[Records from a data source]
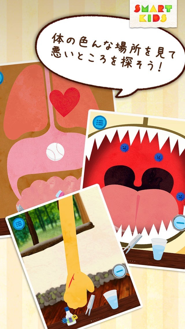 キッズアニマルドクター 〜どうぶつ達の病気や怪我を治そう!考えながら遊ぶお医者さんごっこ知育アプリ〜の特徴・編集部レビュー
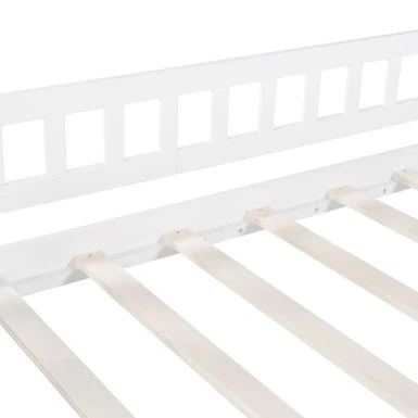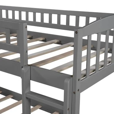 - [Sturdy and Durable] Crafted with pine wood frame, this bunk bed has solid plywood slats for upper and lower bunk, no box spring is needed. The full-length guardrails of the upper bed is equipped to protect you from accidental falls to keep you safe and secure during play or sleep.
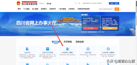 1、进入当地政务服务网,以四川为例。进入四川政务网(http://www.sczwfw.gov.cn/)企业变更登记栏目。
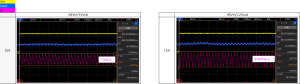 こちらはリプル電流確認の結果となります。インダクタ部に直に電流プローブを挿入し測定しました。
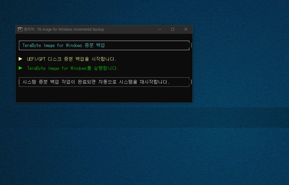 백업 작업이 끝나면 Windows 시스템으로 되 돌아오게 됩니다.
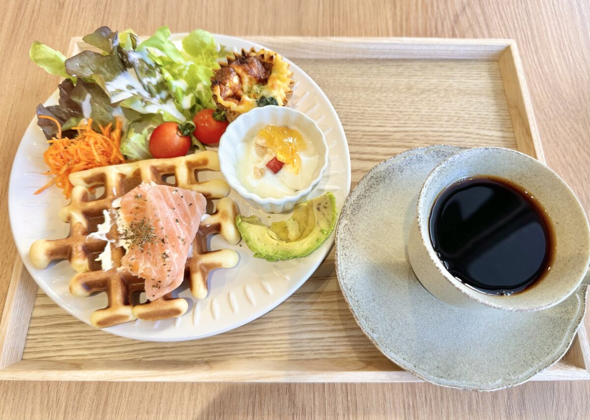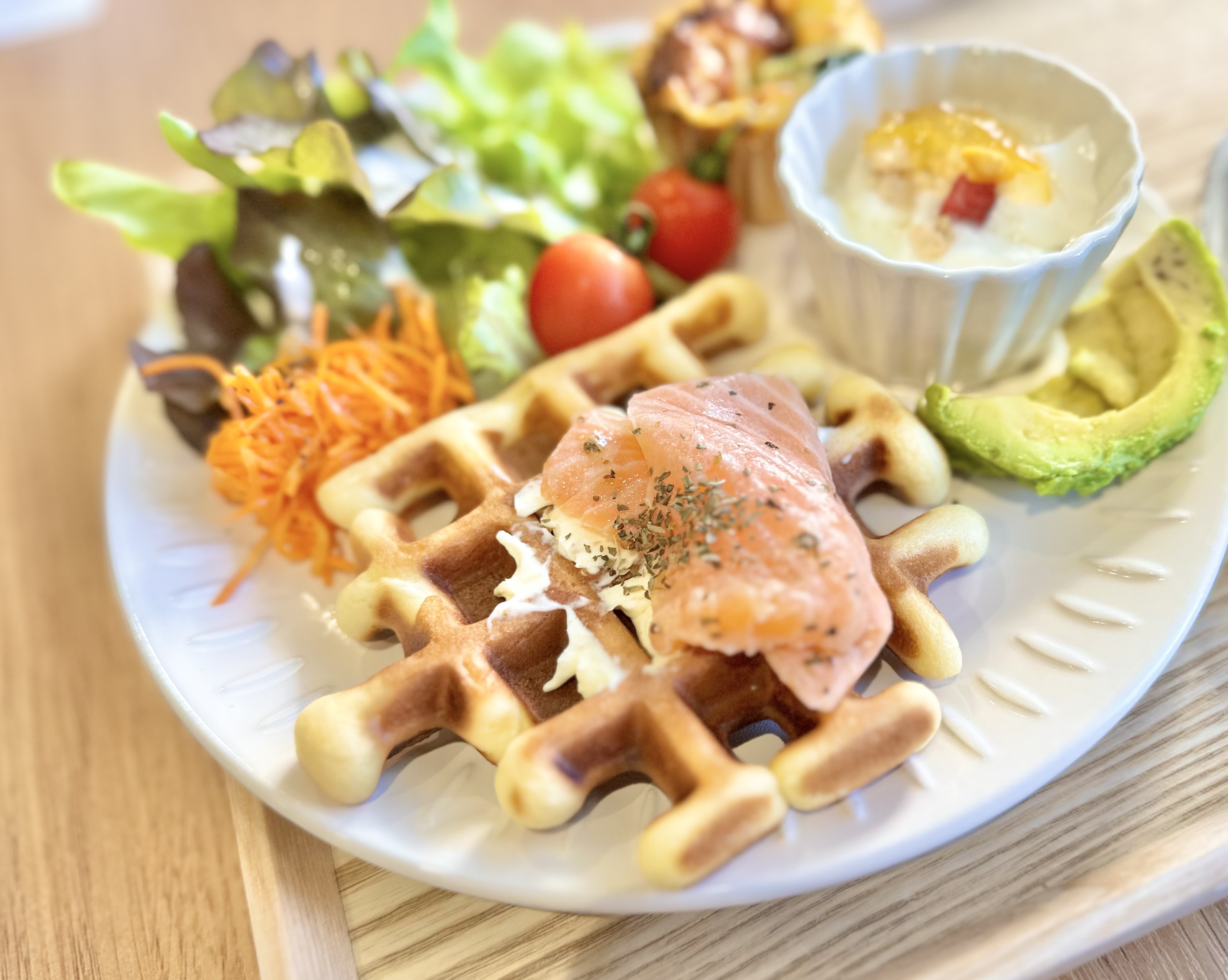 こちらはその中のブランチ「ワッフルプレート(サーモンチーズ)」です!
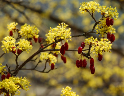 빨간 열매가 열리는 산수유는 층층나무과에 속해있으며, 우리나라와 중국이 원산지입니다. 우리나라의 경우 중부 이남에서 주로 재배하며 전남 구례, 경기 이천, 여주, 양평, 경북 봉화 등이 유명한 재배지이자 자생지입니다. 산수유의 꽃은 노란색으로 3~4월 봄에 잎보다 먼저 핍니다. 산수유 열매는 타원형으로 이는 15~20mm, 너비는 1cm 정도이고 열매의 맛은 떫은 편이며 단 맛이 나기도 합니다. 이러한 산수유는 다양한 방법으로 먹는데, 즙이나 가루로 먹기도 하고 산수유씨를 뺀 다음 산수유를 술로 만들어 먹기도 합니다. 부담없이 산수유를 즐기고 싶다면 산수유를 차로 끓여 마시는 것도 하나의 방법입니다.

> _What is expected_: Since the copy should hold text only, set down each record exactly and leave the pictures out.

> _Finished exercise_:
 キッズアニマルドクター 〜どうぶつ達の病気や怪我を治そう!考えながら遊ぶお医者さんごっこ知育アプリ〜の特徴・編集部レビュー
 - [Sturdy and Durable] Crafted with pine wood frame, this bunk bed has solid plywood slats for upper and lower bunk, no box spring is needed. The full-length guardrails of the upper bed is equipped to protect you from accidental falls to keep you safe and secure during play or sleep.
 1、进入当地政务服务网,以四川为例。进入四川政务网(http://www.sczwfw.gov.cn/)企业变更登记栏目。
 こちらはリプル電流確認の結果となります。インダクタ部に直に電流プローブを挿入し測定しました。
 백업 작업이 끝나면 Windows 시스템으로 되 돌아오게 됩니다.
 こちらはその中のブランチ「ワッフルプレート(サーモンチーズ)」です!
 빨간 열매가 열리는 산수유는 층층나무과에 속해있으며, 우리나라와 중국이 원산지입니다. 우리나라의 경우 중부 이남에서 주로 재배하며 전남 구례, 경기 이천, 여주, 양평, 경북 봉화 등이 유명한 재배지이자 자생지입니다. 산수유의 꽃은 노란색으로 3~4월 봄에 잎보다 먼저 핍니다. 산수유 열매는 타원형으로 이는 15~20mm, 너비는 1cm 정도이고 열매의 맛은 떫은 편이며 단 맛이 나기도 합니다. 이러한 산수유는 다양한 방법으로 먹는데, 즙이나 가루로 먹기도 하고 산수유씨를 뺀 다음 산수유를 술로 만들어 먹기도 합니다. 부담없이 산수유를 즐기고 싶다면 산수유를 차로 끓여 마시는 것도 하나의 방법입니다.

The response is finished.